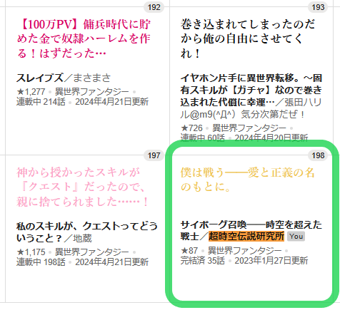 完結済の作品としては大健闘じゃないでしょうか。👍
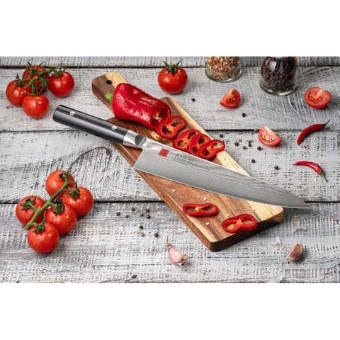 | サイズ:全長/約37cm、刃渡り/約23.5cm 本体重量:約0.235kg 素材・材質:黒積層強化木、超硬質合金鋼V金10号(32層特殊鋼) |
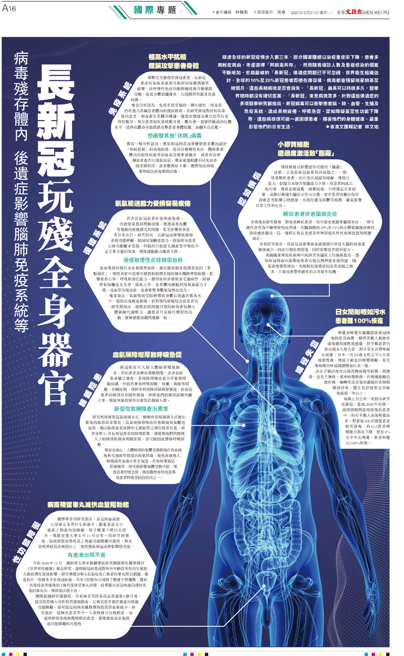 肆虐全球的新冠疫情步入第三年,部分國家陸續以染疫重症率下降、患者多為輕症為由,考慮選擇「與病毒共存」。然而隨着確診人數及重複感染的個案不斷增加,愈趨嚴峻的「長新冠」後遺症問題已不可忽視。世界衞生組織估計,全球約10%至20%新冠患者即使在康復後,病毒都會殘留幾星期甚至幾個月。這些長期病徵是否會消失,「長新冠」最長可以持續多久,醫學界現時都沒有確切答案。「長新冠」常見病徵眾多,針對這些後遺症的多項醫學研究都指出,新冠病毒可以衝擊患者腦、肺、血管、生殖及免疫系統,造成長期疲倦、呼吸急促、認知障礙甚至性功能下降等。這些病徵很可能一直困擾患者,損害他們的身體健康,嚴重影響他們的日常生活。 ◆香港文匯報記者 林文佑
—————
◆ **EXERCISE AIM**
All the lines above must be written out exactly, without a single picture.

◆ **YOUR RESPONSE**
 完結済の作品としては大健闘じゃないでしょうか。👍
 | サイズ:全長/約37cm、刃渡り/約23.5cm 本体重量:約0.235kg 素材・材質:黒積層強化木、超硬質合金鋼V金10号(32層特殊鋼) |
 肆虐全球的新冠疫情步入第三年,部分國家陸續以染疫重症率下降、患者多為輕症為由,考慮選擇「與病毒共存」。然而隨着確診人數及重複感染的個案不斷增加,愈趨嚴峻的「長新冠」後遺症問題已不可忽視。世界衞生組織估計,全球約10%至20%新冠患者即使在康復後,病毒都會殘留幾星期甚至幾個月。這些長期病徵是否會消失,「長新冠」最長可以持續多久,醫學界現時都沒有確切答案。「長新冠」常見病徵眾多,針對這些後遺症的多項醫學研究都指出,新冠病毒可以衝擊患者腦、肺、血管、生殖及免疫系統,造成長期疲倦、呼吸急促、認知障礙甚至性功能下降等。這些病徵很可能一直困擾患者,損害他們的身體健康,嚴重影響他們的日常生活。 ◆香港文匯報記者 林文佑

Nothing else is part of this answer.